### [About this exercise]
Retype, with no pictures, each line from the one that holds "洗練された落ち着きのある色合" through the last line of the entries below, both included.

[Opening Available records section]

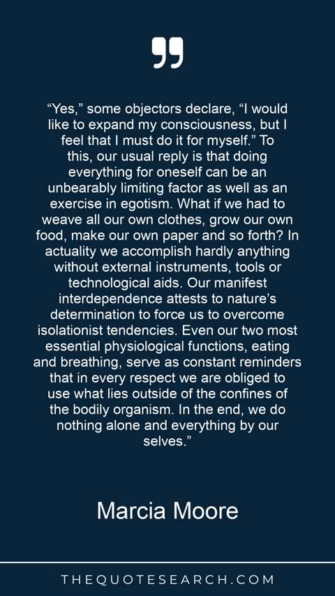 “Yes,” some objectors declare, “I would like to expand my consciousness, but I feel that I must do it for myself.” To this, our usual reply is that doing everything for oneself can be an unbearably limiting factor as well as an exercise in egotism. What if we had to weave all our own clothes, grow our own food, make our own paper and so forth? In actuality we accomplish hardly anything without external instruments, tools or technological aids. Our manifest interdependence attests to nature’s determination to force us to overcome isolationist tendencies. Even our two most essential physiological functions, eating and breathing, serve as constant reminders that in every respect we are obliged to use what lies outside of the confines of the bodily organism. In the end, we do nothing alone and everything by our selves.”
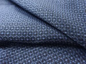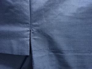 洗練された落ち着きのある色合いで、生地そのものは柔らかく、しわになりにくいと言われている。大島紬の特徴とも言える、織締めと呼ばれる技法で藍を用いて染められた糸を使用している。
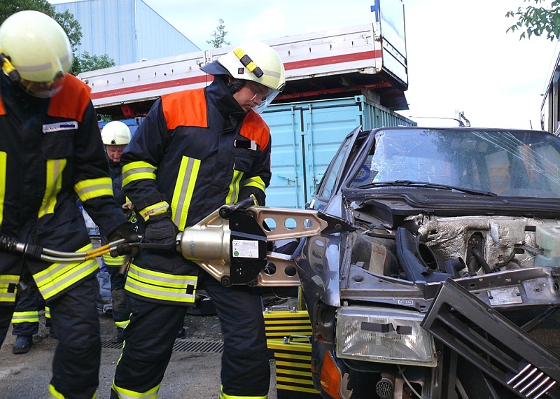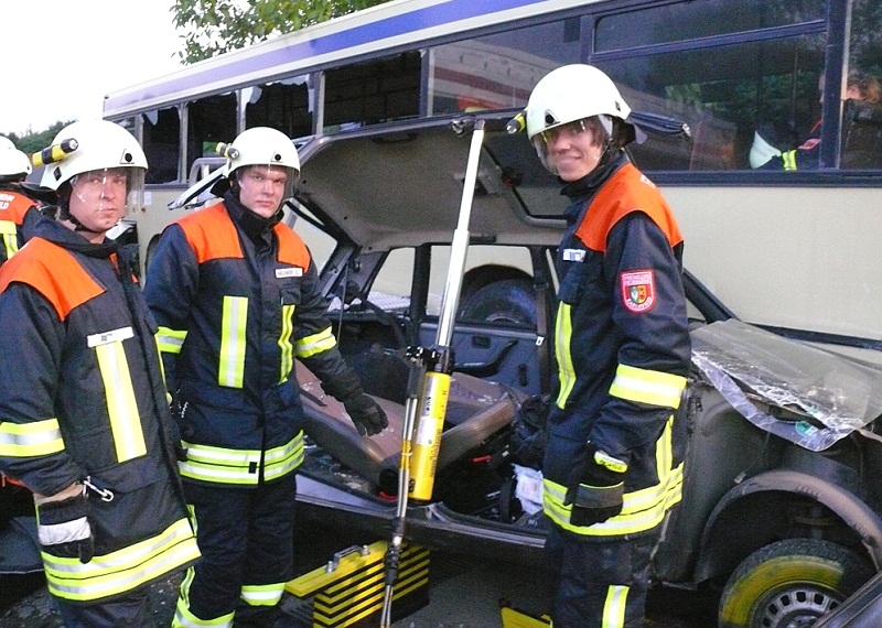 Nach der Simulation übten sich die Teilnehmer im richtigen Umgang mit Spreizer und Schneidgerät am schrottreifen Auto. Die Ausbilder vermittelten verschiedene Methoden zur Entnahme der Glasscheiben aus den Fahrzeugen und gaben Tipps zum richtigen Umgang mit den schweren Rettungsgeräten. Federkörner, Glassäge und Nothammer konnten von der Mannschaft beliebig an den Scheiben des vom TÜV-Süd bereit gestellten, alten Busses getestet werden.
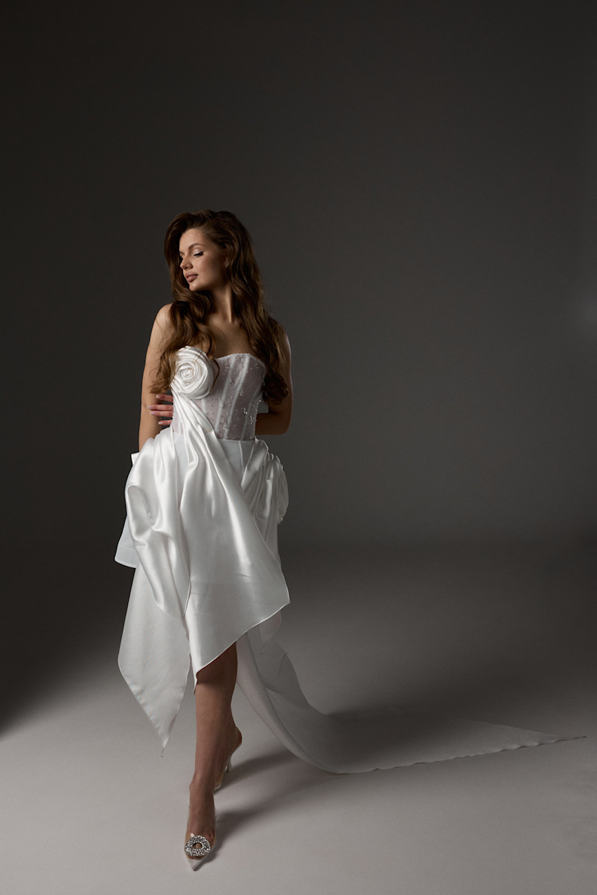 В нежнейшем кофейном оттенке,выполнено из блестящей ткани со светоотражающими частицами!Идеальный корсет и съёмные рукава.
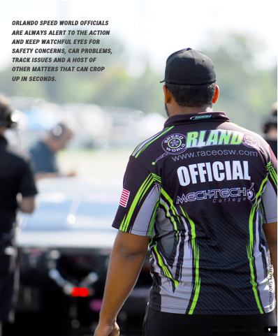 orlando speed world oFFiCials are always alert to the aCtion and keep watChFul eyes For saFety ConCerns, Car probleMs, traCk issues and a host oF other Matters that Can Crop up in seConds. JAN - feb 2020 DRAG RACING MAGAZINE 9 MOTORSPORTS RACING MEDIA
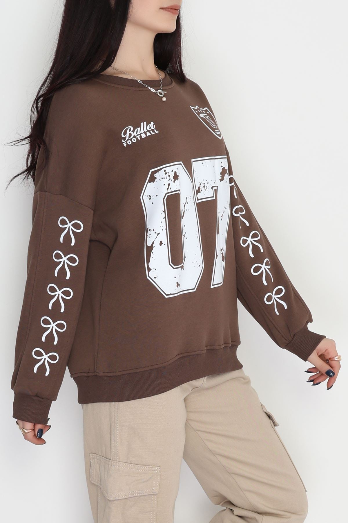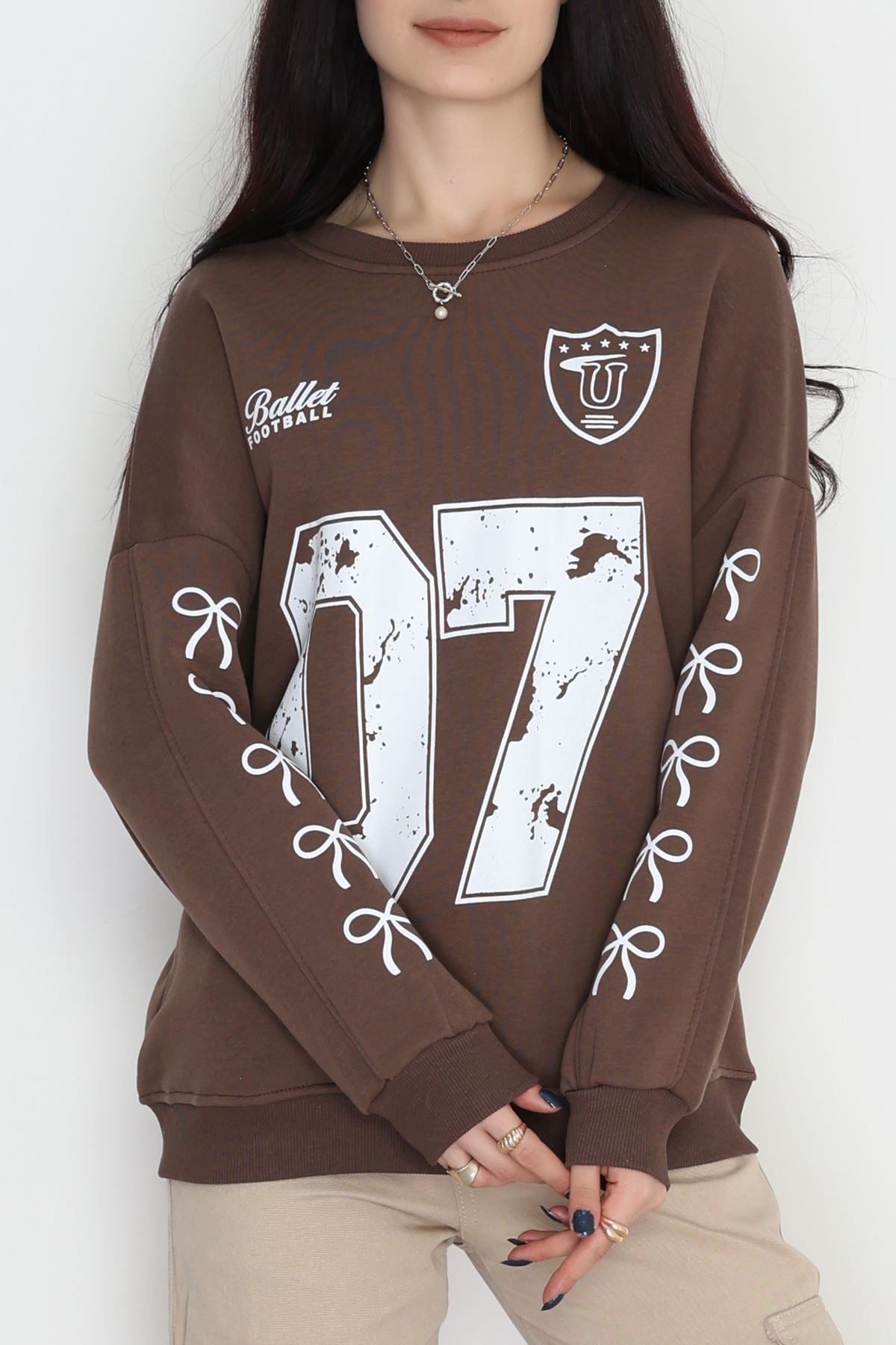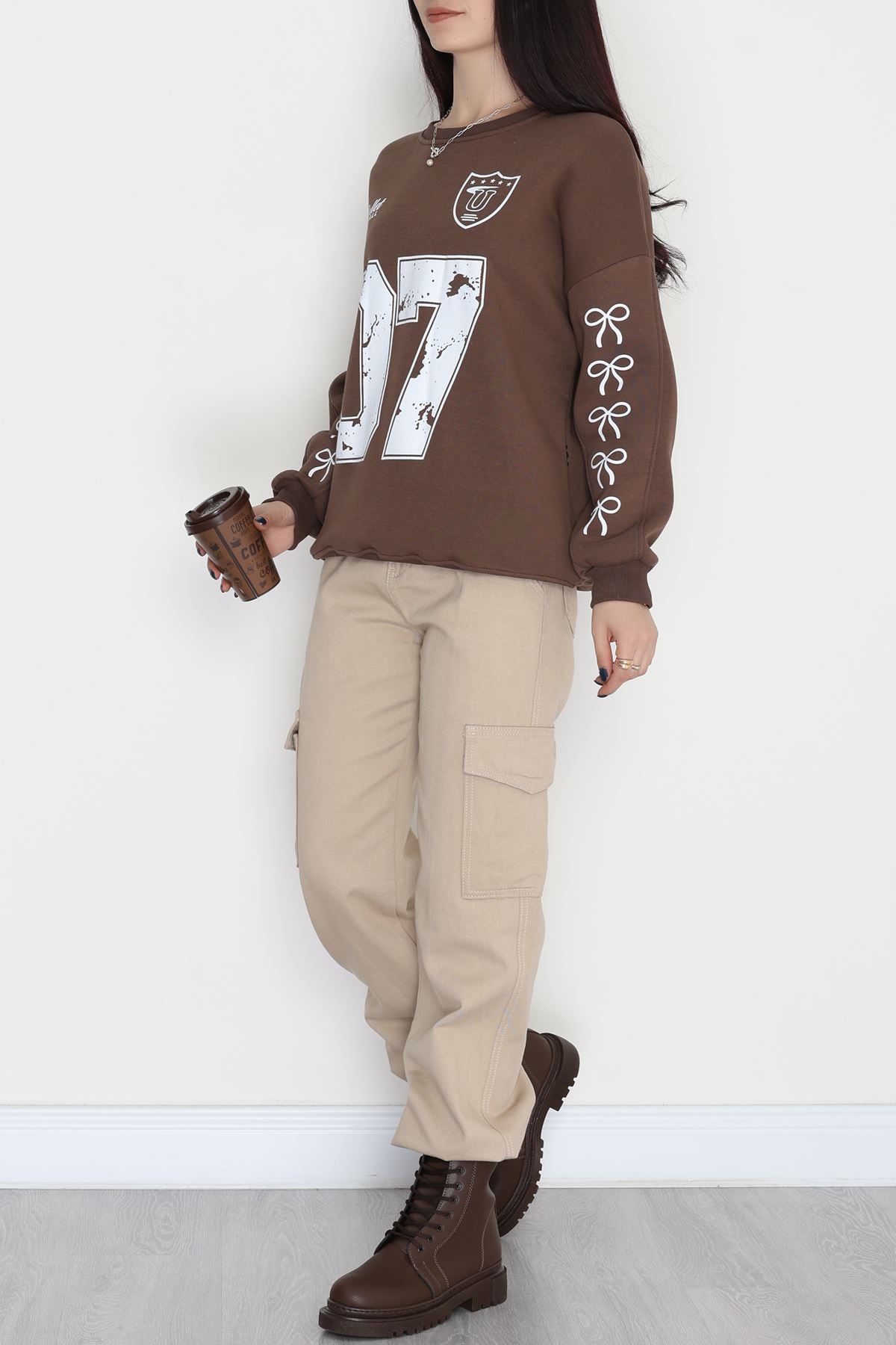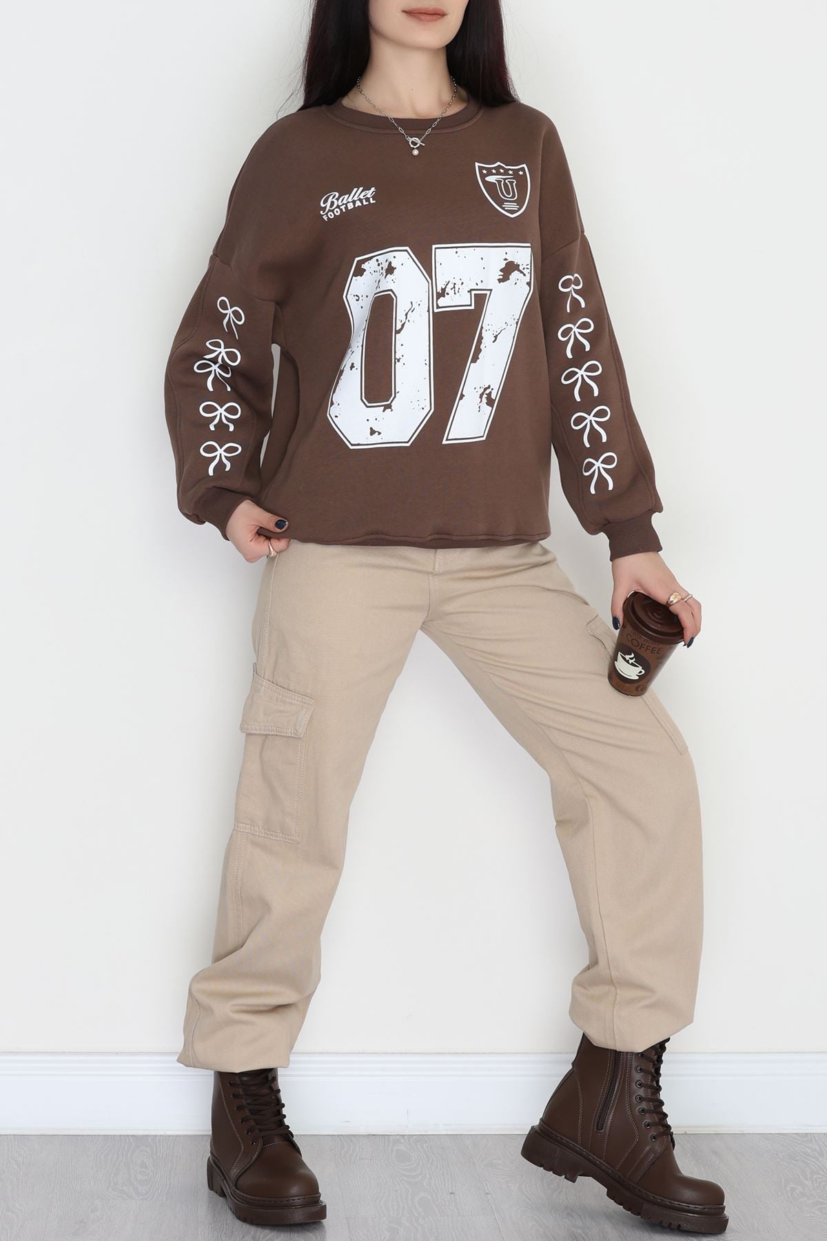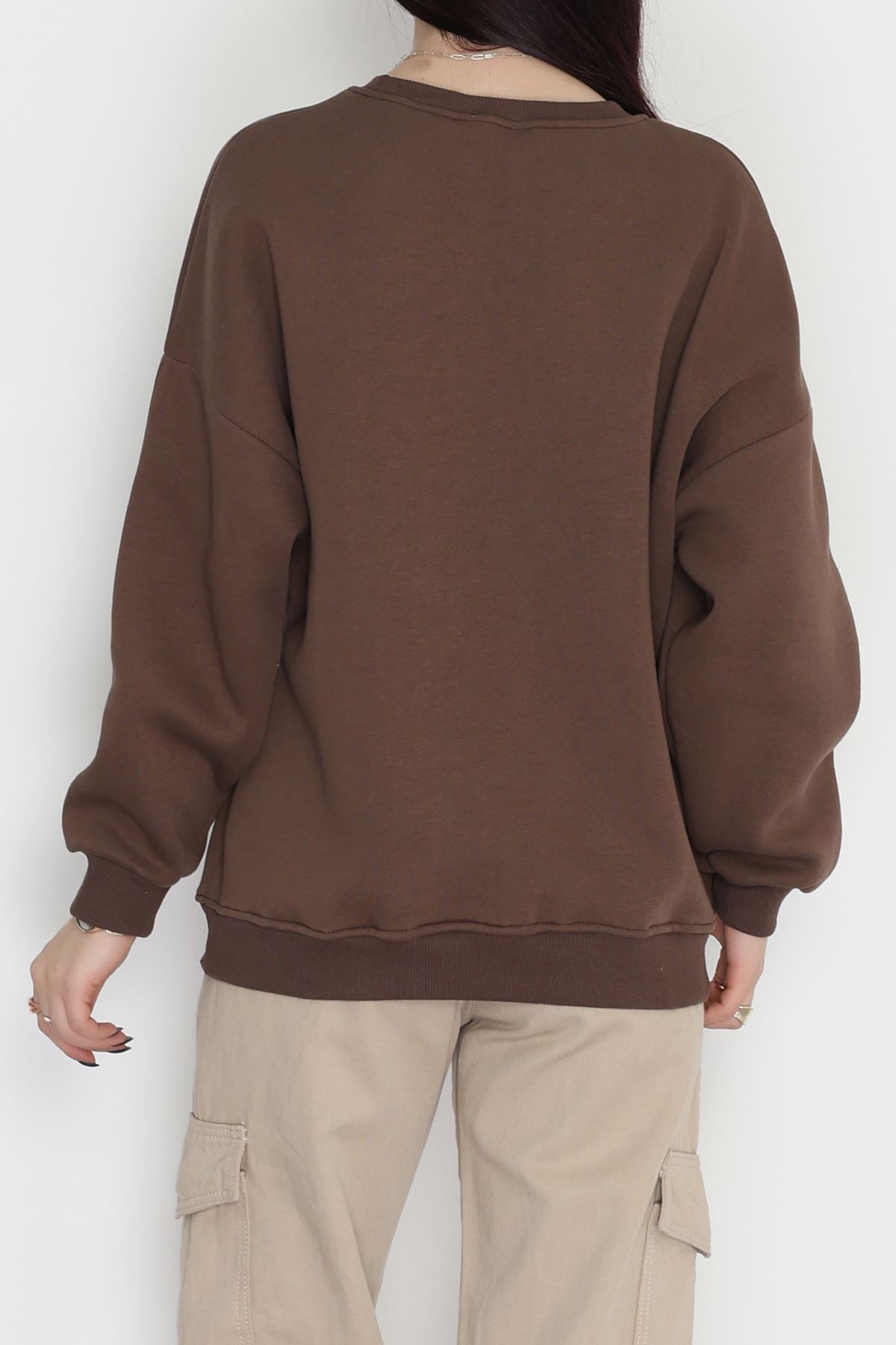 3 İplik Şardonlu Oversize Sweat Kahve - 50920.1878.

[Closing Available records section]

### [Final answer]
 洗練された落ち着きのある色合いで、生地そのものは柔らかく、しわになりにくいと言われている。大島紬の特徴とも言える、織締めと呼ばれる技法で藍を用いて染められた糸を使用している。
 Nach der Simulation übten sich die Teilnehmer im richtigen Umgang mit Spreizer und Schneidgerät am schrottreifen Auto. Die Ausbilder vermittelten verschiedene Methoden zur Entnahme der Glasscheiben aus den Fahrzeugen und gaben Tipps zum richtigen Umgang mit den schweren Rettungsgeräten. Federkörner, Glassäge und Nothammer konnten von der Mannschaft beliebig an den Scheiben des vom TÜV-Süd bereit gestellten, alten Busses getestet werden.
 В нежнейшем кофейном оттенке,выполнено из блестящей ткани со светоотражающими частицами!Идеальный корсет и съёмные рукава.
 orlando speed world oFFiCials are always alert to the aCtion and keep watChFul eyes For saFety ConCerns, Car probleMs, traCk issues and a host oF other Matters that Can Crop up in seConds. JAN - feb 2020 DRAG RACING MAGAZINE 9 MOTORSPORTS RACING MEDIA
 3 İplik Şardonlu Oversize Sweat Kahve - 50920.1878.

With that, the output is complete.